Classement

Le Qatar déloge l’EPFL du podium des universités les plus internationales

Pour la première fois en six ans, l’établissement lausannois ne fait plus partie des trois institutions les plus cosmopolites de la planète, selon le baromètre mondial Times Higher Education

Une ombre moyen-orientale est venue ternir cette année l’aura internationale de l’Ecole polytechnique fédérale de Lausanne (EPFL). Contre toute attente, l’université de Qatar s’est hissée au premier rang des 200 alma mater les plus cosmopolites et ouverts vers l’extérieur au monde. Pour la première fois depuis 2010, l’institution vaudoise quitte le trio de tête, pour terminer 4e du classement phare publié chaque année par Times Higher Education (THE).

Tout un symbole, sachant que la faculté quatarie pointe au 601e rang – 31e pour l’EPFL – au palmarès général des 800 meilleurs établissements de la planète. Du coup, l’Université de Genève se voit elle aussi rétrogradée d’un rang, en 5e position, derrière ses homologues du Luxembourg (2e) et de Hongkong (3e).

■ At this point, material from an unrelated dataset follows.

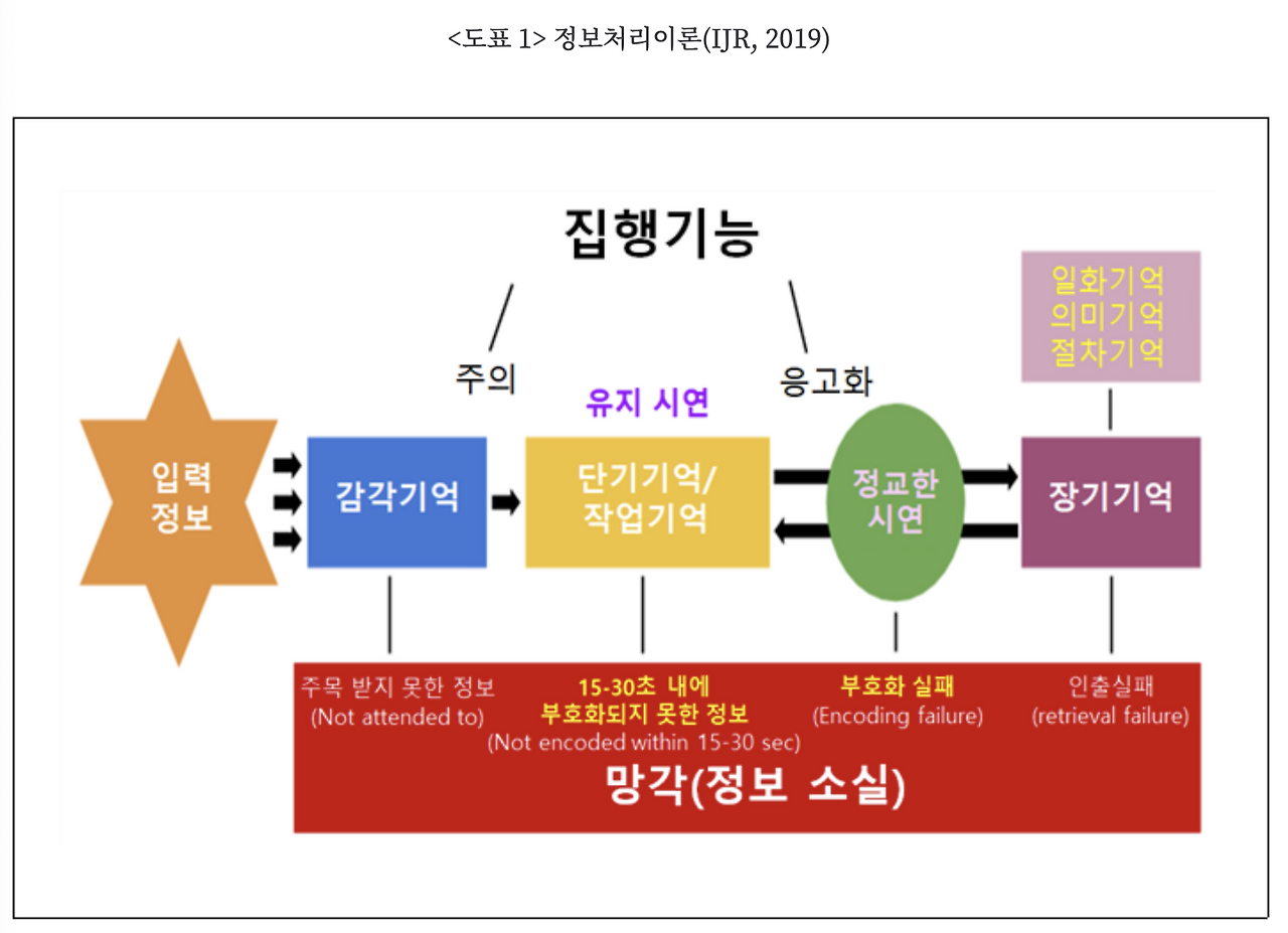 만약 국어수업에서 '별 헤는 밤'의 주제를 필기하다가 '시적화자'와 '시적상황'에 대한정보를 들었음에도(자극) 감각기억에서 <주의> 받지 못했다면 단기기억(작업기억)으로 이동되지 못해 망각, 즉 정보가 소실될 것이다.

Ce recul des entités académiques helvétiques est toutefois à relativiser. La Suisse (romande) maintient une présence record de quatre institutions (EPFL, Universités de Genève, Ecole polytechnique fédérale de Zurich et Université de Saint-Gall) parmi les Universités qui comptent les plus d’étudiants et de personnel enseignant étranger, ainsi que de travaux de recherche publiés avec au moins un coauteur d’un autre pays.

Synergies culturelles et disciplinaires

Quelle est la pertinence de l’évaluation faite par THE? Le degré d’internationalisation – soit l’attractivité – d’une Université est l’un des facteurs clés de son succès. Car l’innovation émerge souvent du contact d’énergies créatives provenant de cultures et de disciplines différentes.

Concernant la méthode utilisée par THE, Hassan Rachid Al-Derham, président de l’Université du Qatar, note cependant que la proportion élevée d’étudiants et d’employés étrangers observée dans son établissement découle de la nature démographique du Golfe. «Cela n’a rien à voir avec une stratégie d’internationalisation agressive de notre part», fait-il remarquer. Le responsable reconnaît en revanche que la générosité de son royaume, en matière de ressources financière mises à disposition des chercheurs, stimule la visibilité et les partenariats transfrontaliers.

Les Etats-Unis et le Canada brillent par leur absence

Seuls 22 établissements Nord américains figurent au palmarès des 200 Universités les plus internationales du globe, contre 128 pour l’Europe. «Les Etats-Unis est le pays qui accueille, en chiffres absolus, le plus d’étudiants étrangers au monde. Mais cette proportion est mitigée par la taille aussi supérieure de ses effectifs académiques totaux», se défend Daniel Obst, vice-président adjoint de l’Institut d’enseignement international.